## Given material
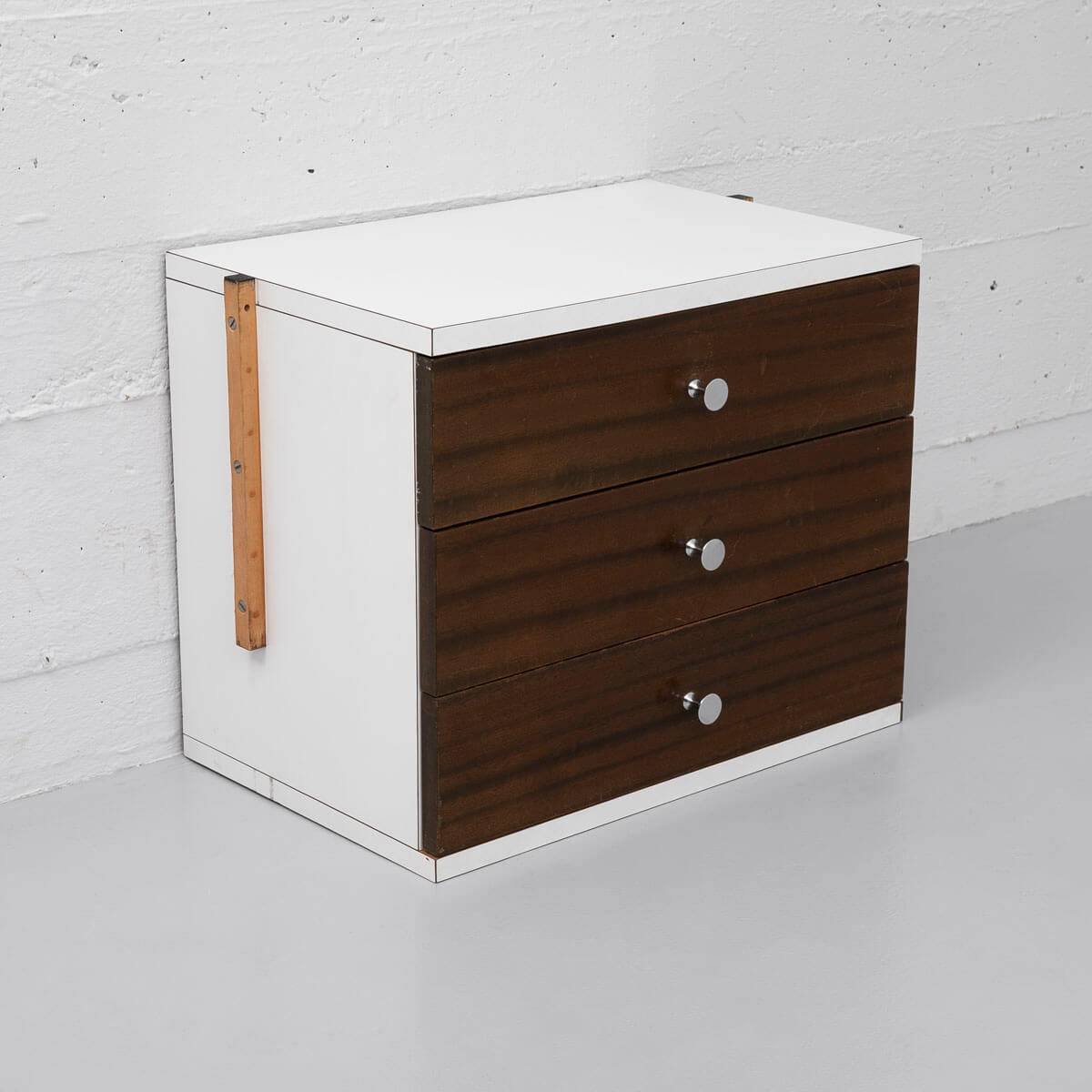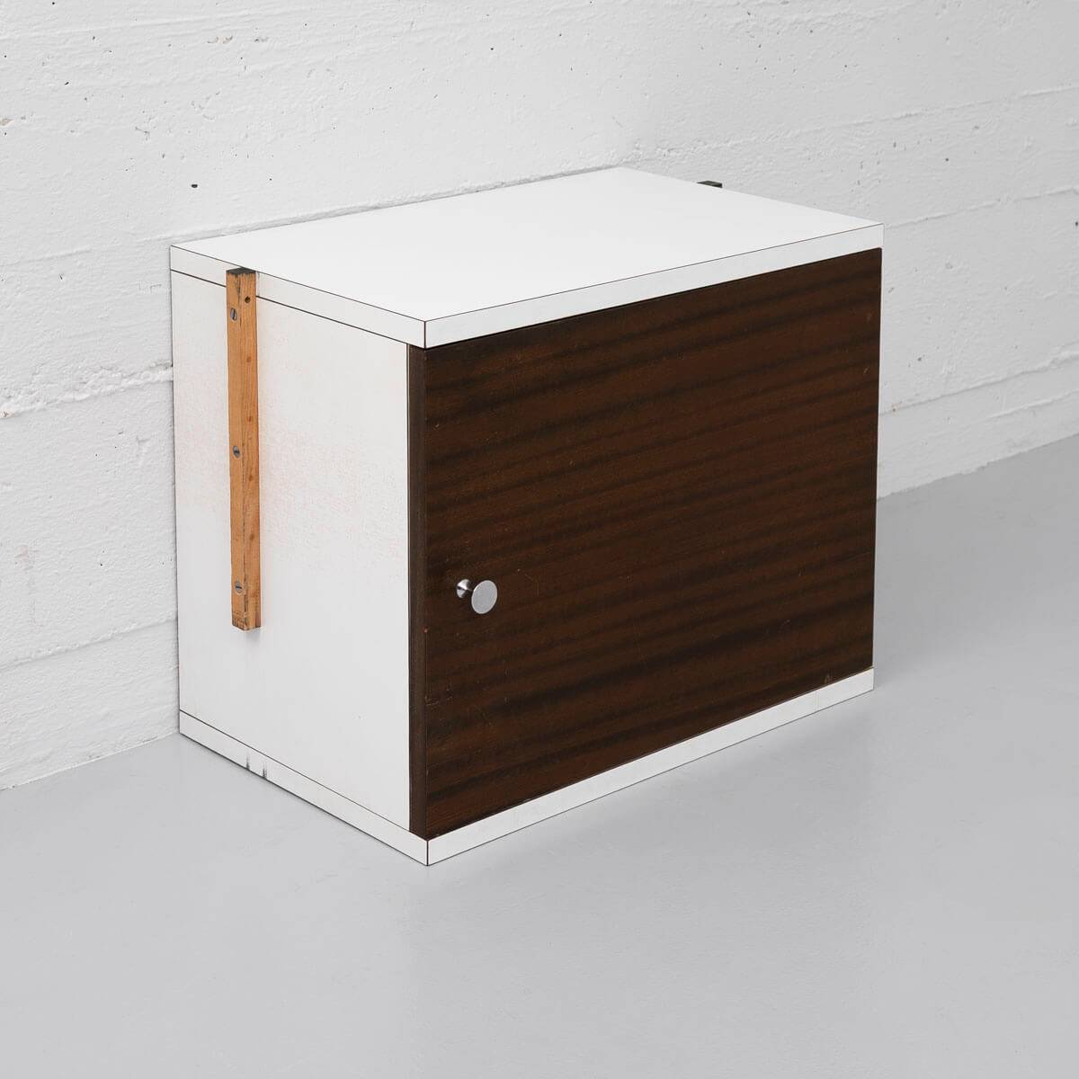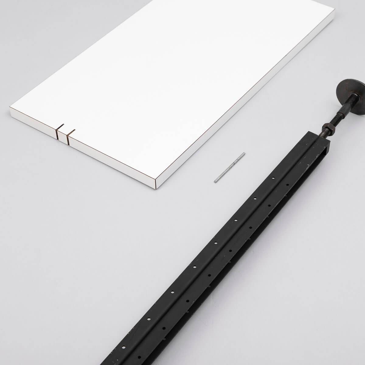 Victoria Teleskopregal Höhe 236 bis 240.5 cm Set 3. Zwei schwarze Stangen, Tablare und Korpuse aus Holzwerkstoff belegt mit weissem Kunstharz, Fronten furniert. Zwei schwarze Stangen, Drei Tablare 55.4 x 23 x 1.9 m, ein Tablar 55 x 30 x 1.9 cm, ein Korpus 52 x 34 x 43 cm mit drei Schubladen, ein Korpus 52 x 34 x 43 cm mit einer Tür und einem Tablar höhenverstellbar. Mit Gebrauchsspuren.
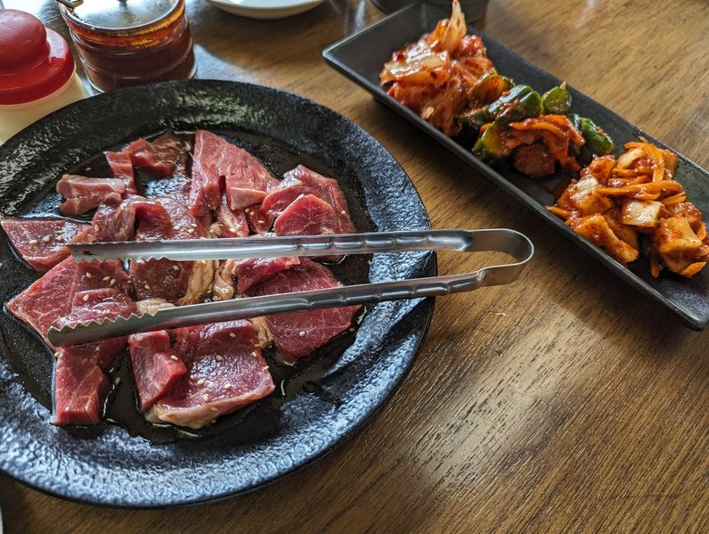 自家製キムチ三種盛り、ライス、鹿ももなどを注文しました。
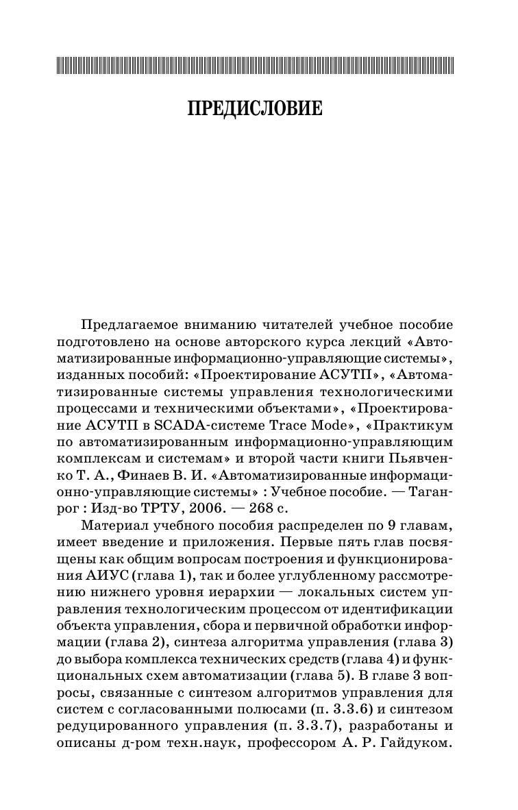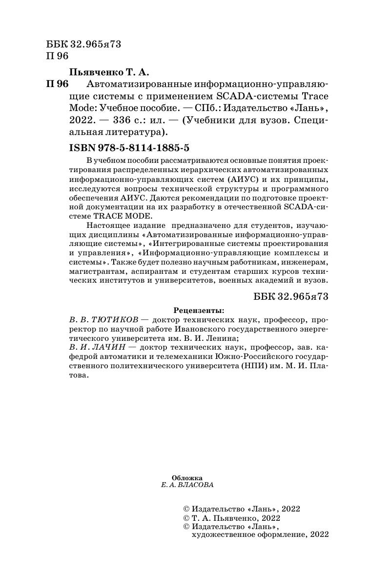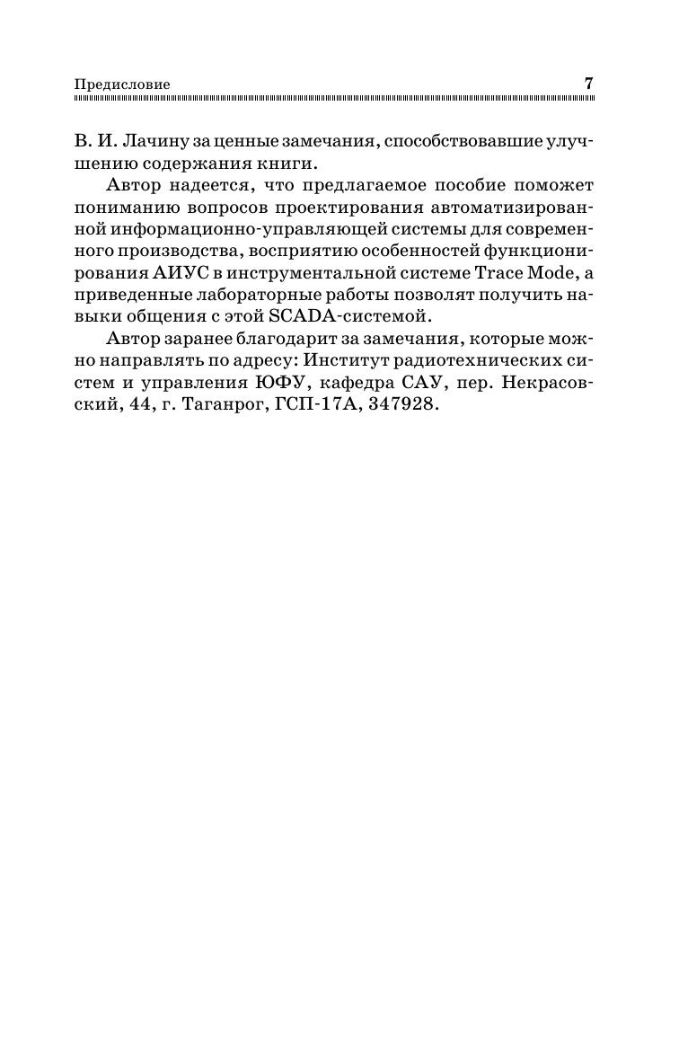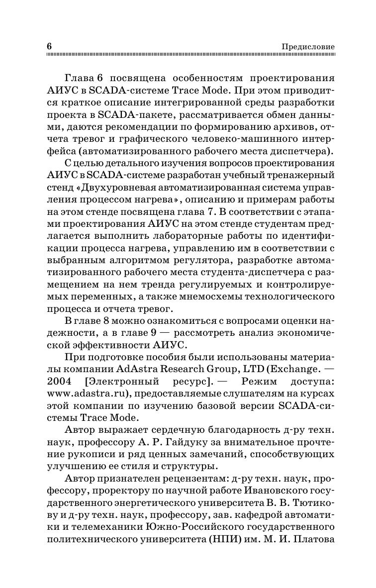 В книге рассматриваются основные понятия, принципы проектирования распределенных иерархических автоматизированных информационно-управляющих систем (АИУС), исследуются вопросы технической структуры и программного обеспечения АИУС. Даются рекомендации по подготовке проектной документации на их разработку в отечественной SCADA системе TRACE MODE. В книге приводится описание учебного стенда «Двухуровневая автоматизированная система контроля и управления процессом нагрева», созданного на кафедре систем автоматического управления Института радиотехнических систем и управления ЮФУ. На его базе студенты имеют возможность получить навыки проектирования систем сбора данных и оперативного диспетчерского управления с использованием локальных сетей и управляющих ПК, оценить возможности SCADA системы Trace Mode при применении её в автоматизированных информационно-управляющих системах. Настоящее издание предназначено для студентов, изучающих дисциплины «Автоматизированные информационно-управляющие системы», «Интегрированные системы проектирования и управления», «Информационно-управляющие комплексы и системы», оно также будет полезно научным работникам, инженерам, магистрантам, аспирантам и студентам старших курсов технических институтов и университетов, военных академий и вузов.
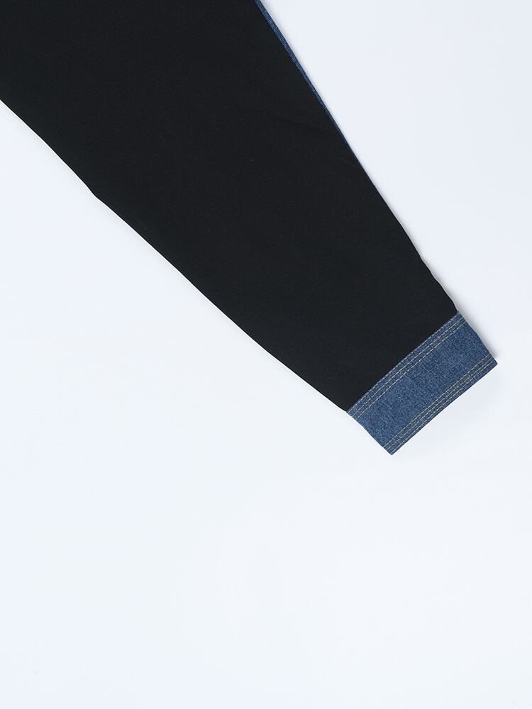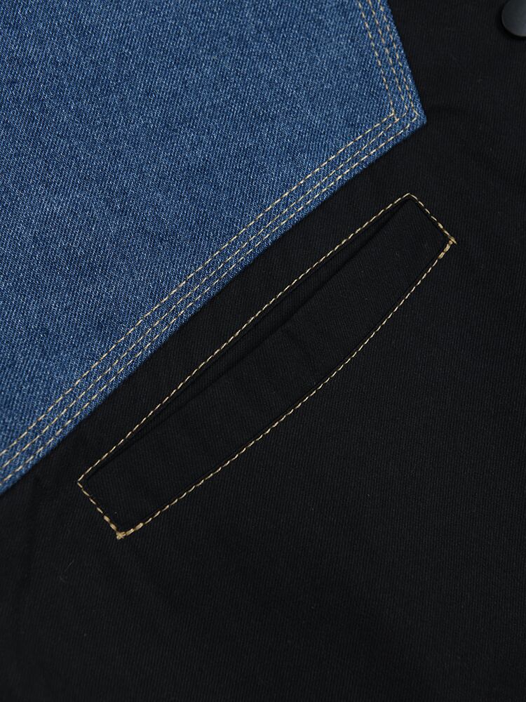 [EWQ]サファリ風デニムステッチ長袖トレンドコート大きいサイズ黒ジャケットトップス春秋アウター ロング ブラック スプリング 春物 オータム 秋物

## Brief
All lines from the beginning of the material through the line that holds "自家製キムチ三種盛り、ライス、鹿ももなどを注文しました。", both included, should be returned exactly; please omit any pictures and add no other lines.

## Output of the exercise
 Victoria Teleskopregal Höhe 236 bis 240.5 cm Set 3. Zwei schwarze Stangen, Tablare und Korpuse aus Holzwerkstoff belegt mit weissem Kunstharz, Fronten furniert. Zwei schwarze Stangen, Drei Tablare 55.4 x 23 x 1.9 m, ein Tablar 55 x 30 x 1.9 cm, ein Korpus 52 x 34 x 43 cm mit drei Schubladen, ein Korpus 52 x 34 x 43 cm mit einer Tür und einem Tablar höhenverstellbar. Mit Gebrauchsspuren.
 自家製キムチ三種盛り、ライス、鹿ももなどを注文しました。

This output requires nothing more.